(Data excerpts)
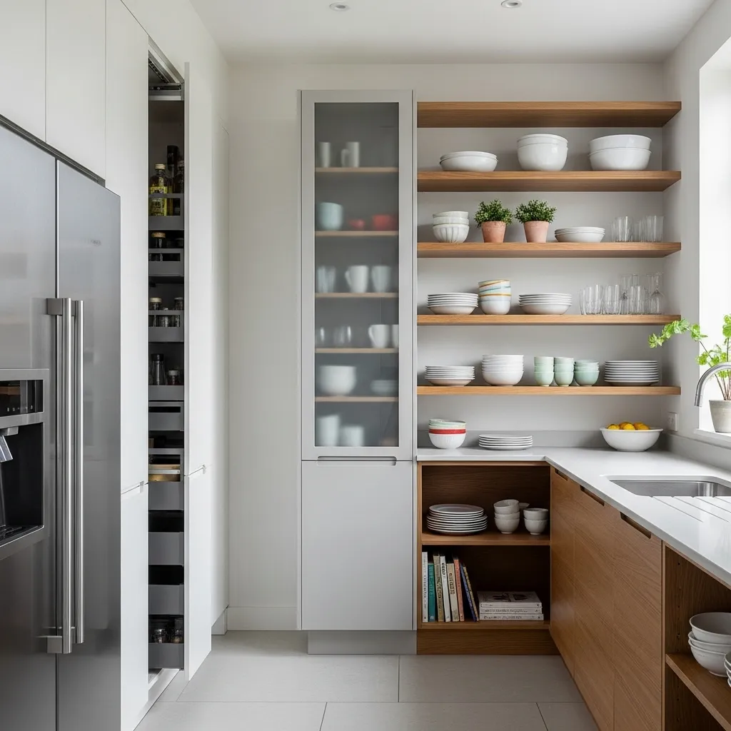 Why It Works: Pull-out storage solutions are a great way to maximize space in your kitchen. These clever designs allow you to store items out of sight while keeping everything within easy reach.
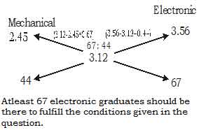 In an engineering college the average salary of all engineering graduates from mechanical trade is Rs.2.45 lakhs per annum and that of the engineering graduates from electronic trade is Rs.3.56 lacs per annum. The average salary of all mechanical and electronics graduates is Rs.3.12 lacs per annum. Find the least number of electronic graduates passing out from this institute.
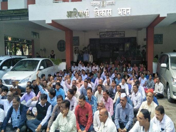 माजी आमदाराच्या दादागिरीच्या निषेधार्थ नाशिक आदिवासी विकास भवनातील अधिकारी-कर्मचा-यांचे काम बंद आंदोलन
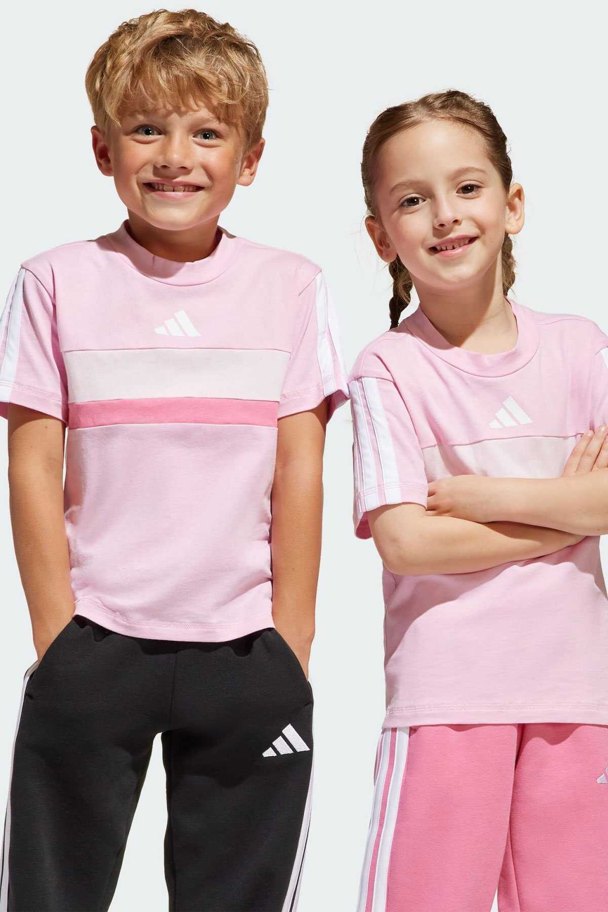 Çocuğun hafta sonunu nasıl geçirmek isterse istesin bu adidas çocuk tişörtü maceraya hazır. - Yumuşak pamuklu jarse giyildiği ilk andan günün son ışıklarına kadar konfor sunar. - Kollardaki 3 bant detayı modele rahat bir hava katar. - Normal kesim - Bisiklet yaka - %100 pamuklu - En az %70 geri dönüştürülmüş ve yenilenebilir malzeme içerir - Ürün rengi: True Pink White Clear Pink - Ürün kodu: JI6211 - Menşei: Kamboçya
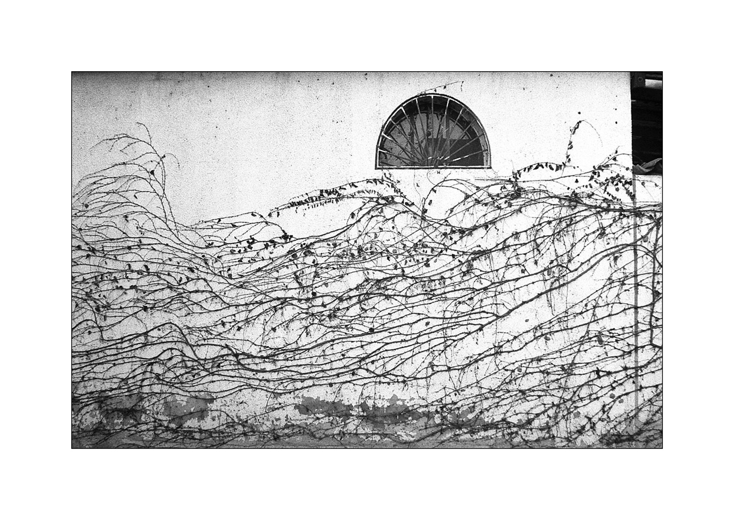 mi piace l'assonanza della convessità della finestrella ripetuta tante e tante volte nelle anse del rampicante! Una foto quindi che da rappresentativa diventa concettuale;
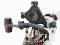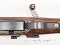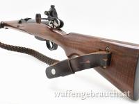 Mit Höhen- und Seiten-verstellbare W+F Dioptervisierung, Korntunnel mit Ringkorneinsatz, Verschluss mit Linksriegel Riegel kann auch abgebaut werden, Handhabe für LINKSSCHÜTZEN der Fa. G. Burgin, Basel. Nummern gleiches Bajonett. Handgeflochtenen Lederriemen. Nussbaumschaft mit eingelegter Plakette rechtsseitig.
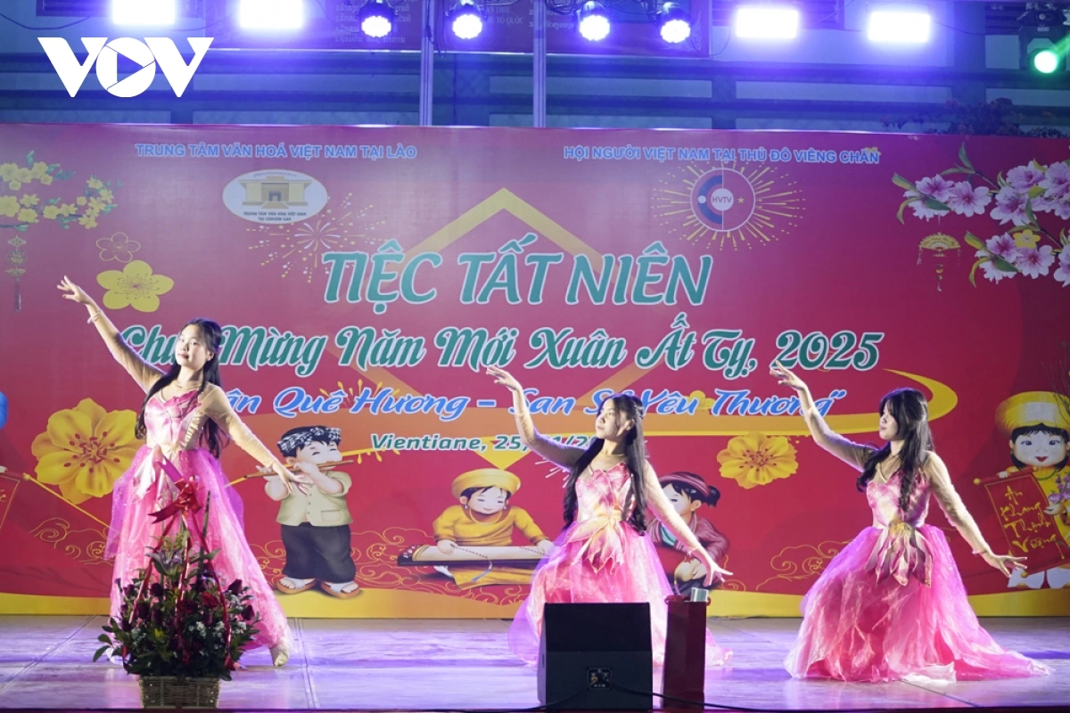 Tiệc tất niên năm nay có chủ đề "Xuân quê hương, san sẻ yêu thương", đây là sự kiện thường niên do Hội người Việt Nam thủ đô Vientiane tổ chức nhằm duy trì nét đẹp truyền thống văn hóa của dân tộc.
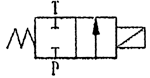 當車(chē)廂舉升到最大轉角位置時(shí),限位機構觸點(diǎn)將電器行程開(kāi)關(guān)的觸點(diǎn)壓下,電磁鐵N得電,換向閥P口與T口接通,使舉升缸供油口與T口瞬間連通,舉升缸即下降一段距離(車(chē)廂舉升轉角變小),隨車(chē)廂舉升轉角變小限位機構觸點(diǎn)離開(kāi)電器行程開(kāi)關(guān)的觸點(diǎn)使電磁鐵N失電,電磁換向閥恢復原始狀態(tài)同時(shí)系統壓力油再次進(jìn)入舉升缸使其上升(車(chē)廂再次舉升到最大轉角位置)。電磁鐵N在電器行程開(kāi)關(guān)得電—失電—得電范圍內(即P口的開(kāi)啟—閉合—開(kāi)啟)實(shí)現車(chē)廂下降—舉升—下降往復變化過(guò)程,使車(chē)廂產(chǎn)生輕微抖動(dòng)有利于將車(chē)廂內的殘留物體卸掉。該閥的工作原理示意圖如下。
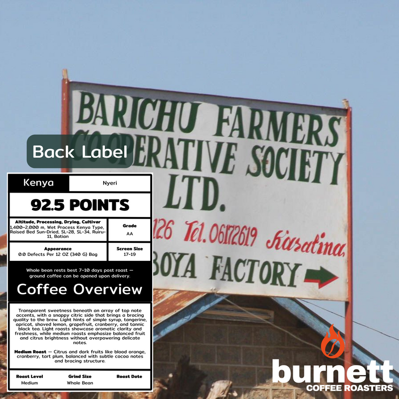 Sourced from Gatomboya Coffee Factory, part of the Barichu Farmers Cooperative Society in Nyeri, Kenya — a region spanning 1,400–2,000 m above sea level. Cooperative members bring cherries to the wet mill for pulping, fermenting, washing, and drying, producing coffee with clarity, vibrant fruit, and bracing acidity. Varietals include SL-28, SL-34, Ruiru-11, and Batian, carefully separated by size. AA is the largest seed size, commanding the highest quality and price, and consistently produces exceptional Kenya coffees.

• Task to complete
Print the entries above exactly, taking out only the pictures.

• Answer box
 Why It Works: Pull-out storage solutions are a great way to maximize space in your kitchen. These clever designs allow you to store items out of sight while keeping everything within easy reach.
 In an engineering college the average salary of all engineering graduates from mechanical trade is Rs.2.45 lakhs per annum and that of the engineering graduates from electronic trade is Rs.3.56 lacs per annum. The average salary of all mechanical and electronics graduates is Rs.3.12 lacs per annum. Find the least number of electronic graduates passing out from this institute.
 माजी आमदाराच्या दादागिरीच्या निषेधार्थ नाशिक आदिवासी विकास भवनातील अधिकारी-कर्मचा-यांचे काम बंद आंदोलन
 Çocuğun hafta sonunu nasıl geçirmek isterse istesin bu adidas çocuk tişörtü maceraya hazır. - Yumuşak pamuklu jarse giyildiği ilk andan günün son ışıklarına kadar konfor sunar. - Kollardaki 3 bant detayı modele rahat bir hava katar. - Normal kesim - Bisiklet yaka - %100 pamuklu - En az %70 geri dönüştürülmüş ve yenilenebilir malzeme içerir - Ürün rengi: True Pink White Clear Pink - Ürün kodu: JI6211 - Menşei: Kamboçya
 mi piace l'assonanza della convessità della finestrella ripetuta tante e tante volte nelle anse del rampicante! Una foto quindi che da rappresentativa diventa concettuale;
 Mit Höhen- und Seiten-verstellbare W+F Dioptervisierung, Korntunnel mit Ringkorneinsatz, Verschluss mit Linksriegel Riegel kann auch abgebaut werden, Handhabe für LINKSSCHÜTZEN der Fa. G. Burgin, Basel. Nummern gleiches Bajonett. Handgeflochtenen Lederriemen. Nussbaumschaft mit eingelegter Plakette rechtsseitig.
 Tiệc tất niên năm nay có chủ đề "Xuân quê hương, san sẻ yêu thương", đây là sự kiện thường niên do Hội người Việt Nam thủ đô Vientiane tổ chức nhằm duy trì nét đẹp truyền thống văn hóa của dân tộc.
 當車(chē)廂舉升到最大轉角位置時(shí),限位機構觸點(diǎn)將電器行程開(kāi)關(guān)的觸點(diǎn)壓下,電磁鐵N得電,換向閥P口與T口接通,使舉升缸供油口與T口瞬間連通,舉升缸即下降一段距離(車(chē)廂舉升轉角變小),隨車(chē)廂舉升轉角變小限位機構觸點(diǎn)離開(kāi)電器行程開(kāi)關(guān)的觸點(diǎn)使電磁鐵N失電,電磁換向閥恢復原始狀態(tài)同時(shí)系統壓力油再次進(jìn)入舉升缸使其上升(車(chē)廂再次舉升到最大轉角位置)。電磁鐵N在電器行程開(kāi)關(guān)得電—失電—得電范圍內(即P口的開(kāi)啟—閉合—開(kāi)啟)實(shí)現車(chē)廂下降—舉升—下降往復變化過(guò)程,使車(chē)廂產(chǎn)生輕微抖動(dòng)有利于將車(chē)廂內的殘留物體卸掉。該閥的工作原理示意圖如下。
 Sourced from Gatomboya Coffee Factory, part of the Barichu Farmers Cooperative Society in Nyeri, Kenya — a region spanning 1,400–2,000 m above sea level. Cooperative members bring cherries to the wet mill for pulping, fermenting, washing, and drying, producing coffee with clarity, vibrant fruit, and bracing acidity. Varietals include SL-28, SL-34, Ruiru-11, and Batian, carefully separated by size. AA is the largest seed size, commanding the highest quality and price, and consistently produces exceptional Kenya coffees.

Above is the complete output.